Он не пошел, как иные из братий, из монастыря по топям и чащобам звериными тропами искать уединения для молитвенной беседы с Богом. Он возвернулся в свой Городок, куда когда-то давно был привезен еще несмышленым чадом и никак не мог взять в толк – почему после чистых высоких палат оставил его дядька Иван в тесной, пропахшей кожами и дегтем, избе. И сам пропал.
Отрок прижился в чужой семье: хозяина с хозяйкой вскоре стал называть тятей и мамой, и те уж не отличали его от своих кровных детушек. Семейство пробивалось сапожничаньем, ремеслу обучился и подкидыш.
Вошел Ганька в лета, и сосватали, оженили его на посадской красавице.
Недолго пожил Ганька с молодой женой: в одночасье преставилась она, сгорев в страшной лихоманке. Подкидыш словно умом тронулся: бродил по Городку пугающей безмолвной тенью, исхудалый, в изодранной в клочья одежде, грязный. Его жалели; как ни старались, не могли добиться ни слова, и, когда он однажды запропал – подумали, что не наложил ли на себя руки, не продал ли душу диаволу, и облегченно вздохнули, когда кто-то из земляков заметил его в послушниках в дальнем монастыре.
«Туда ему и дорога! – рассудили. – Все одно, средь нас не жилец…»
Однажды всколыхнуло городище: нагрянул шибко важный боярин аж из самой первопрестольной от грозного царя с отрядом ратников; местный воевода дрожал как лист осиновый.

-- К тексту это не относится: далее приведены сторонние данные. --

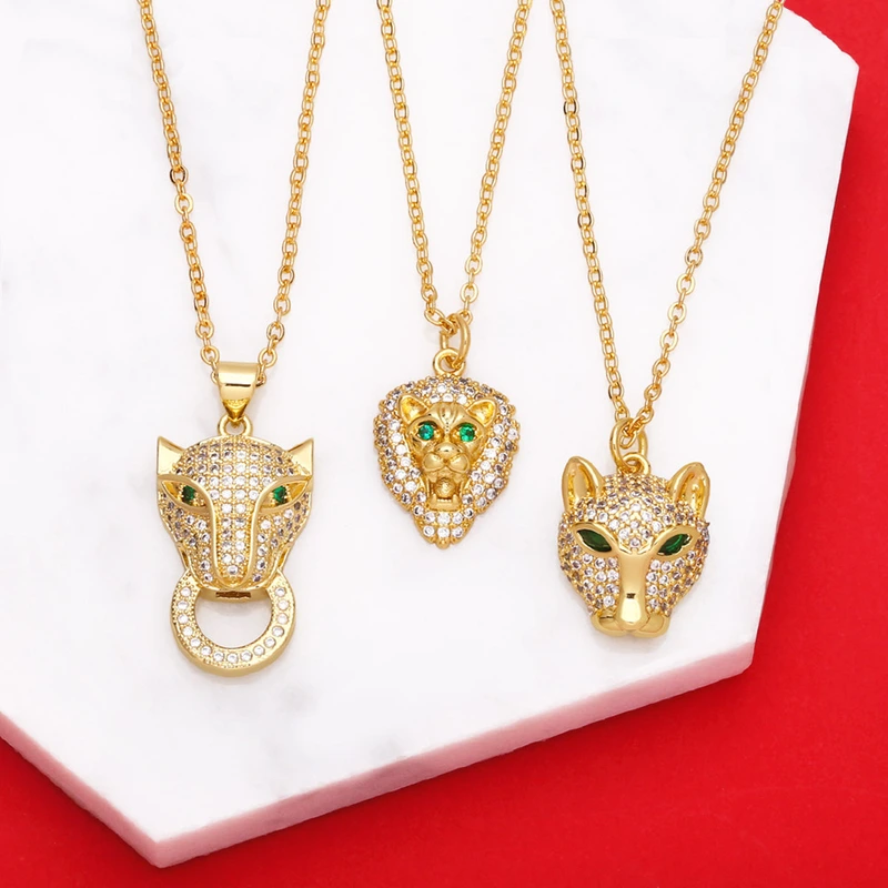 Collier unisexe avec pendentif tête de léopard en zircon, style hip-hop européen et américain, soldes nkb193

Рыскали не понять и кого, вроде б какого-то княжого сына, и не сразу раскумекали людишки: ищут-то Ганьку Подкидыша. Отряд умчался шарить по окрестным монастырям, а из народишка кое-кто испуганно крестился: не зашибли бы сановные малохольного, коли сыщут.

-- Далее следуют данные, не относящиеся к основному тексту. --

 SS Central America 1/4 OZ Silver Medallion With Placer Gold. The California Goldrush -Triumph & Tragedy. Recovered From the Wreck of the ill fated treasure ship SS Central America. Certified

Да уберегся, видать, Ганька то ли плахи, то ли чести, раз вернулся обратно. А вот зачем принялся изнурять не жалеючи плоть свою железом, не ведал никто, кроме него самого.
Он часа своего ждал…
Как-то, еще в монастыре, за вечерней молитвой в храме на распростертого в земном поклоне Галактиона не то сонная хмарь накатилась, не то выпал он просто из сознания, ощущая невесомость в теле и пугаясь, а еще больше дивясь видению, взору открывшемуся…
Красивый, поблескивающий позолотой куполов церквей возле мощного детинца на холме город был обложен со всех сторон неприятельской ратью. «Суздальцы!» – будто кто подсказал Галактиону, завидевшему стяг со львом на полотнище, под ним – князя, кутающегося в алое корзно.

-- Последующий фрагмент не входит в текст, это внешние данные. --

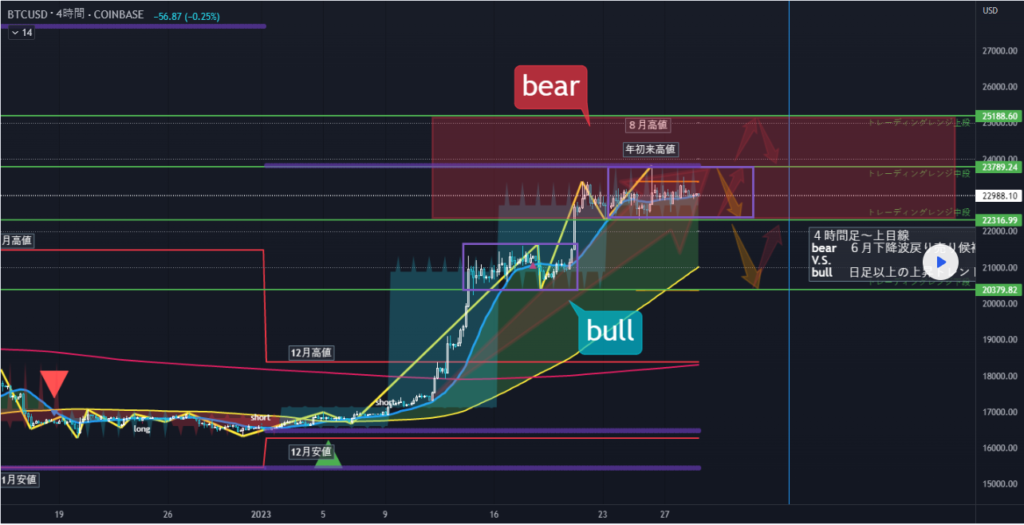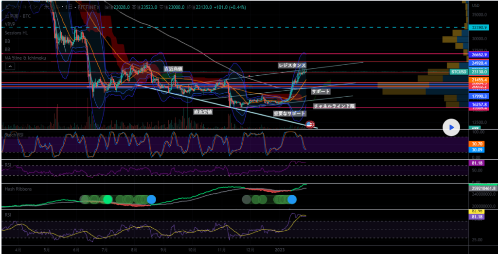 ビットコインは23000ドル前後の居

Готовились к приступу. Князь поднял руку, и ватага лучников выдвинулась вперед.
Похоже, приступ обещался быть последним. Над городом клубилась зловеще черная дымная туча, там и сям от пущенных с огнем стрел разгорались пожары. Защитников на городской стене оставалось немного; израненные, они угрюмо, молча, взирали на подступившую рать, ожидая смертного часа.
Послышалось вдруг, словно из-под земли донеслось тихое молебное пение. Люди на стенах откладывали в сторону оружие, торопливо снимали шеломы и становились на колени.
«Пресвятая Богородица! Заступница усердная…» – шептали запекшиеся губы, а взгляды с надеждой устремлялись на икону, несомую двумя дюжими монахами.
Шествие медленно двигалось вкруг по стене, сияло яро облачение на епископе, вился синий дымок ладана из кадильницы диакона, клиросные певчие – женщины с испуганными заплаканными лицами подрагивающими голосами тянули тропарь.
Епископ был стар, тяжело опирался на посох. Галактион попригляделся и, обмирая сердцем, узнал Иоанна Новгородского – видел фреску с ликом его на стене своего монастырского храма. Знал еще, что жил святитель до нашествия Батыевой татарвы, в самый разгар княжеских распрей. Но изумление монаха застила горечь увиденного: брат на брата…
Между тем князь в алом корзне под городскими стенами хрипло, с насмешкой обратился к притихшему войску:
– Чего испужались-то? Ихней иконы? А ну, лучники, всыпьте!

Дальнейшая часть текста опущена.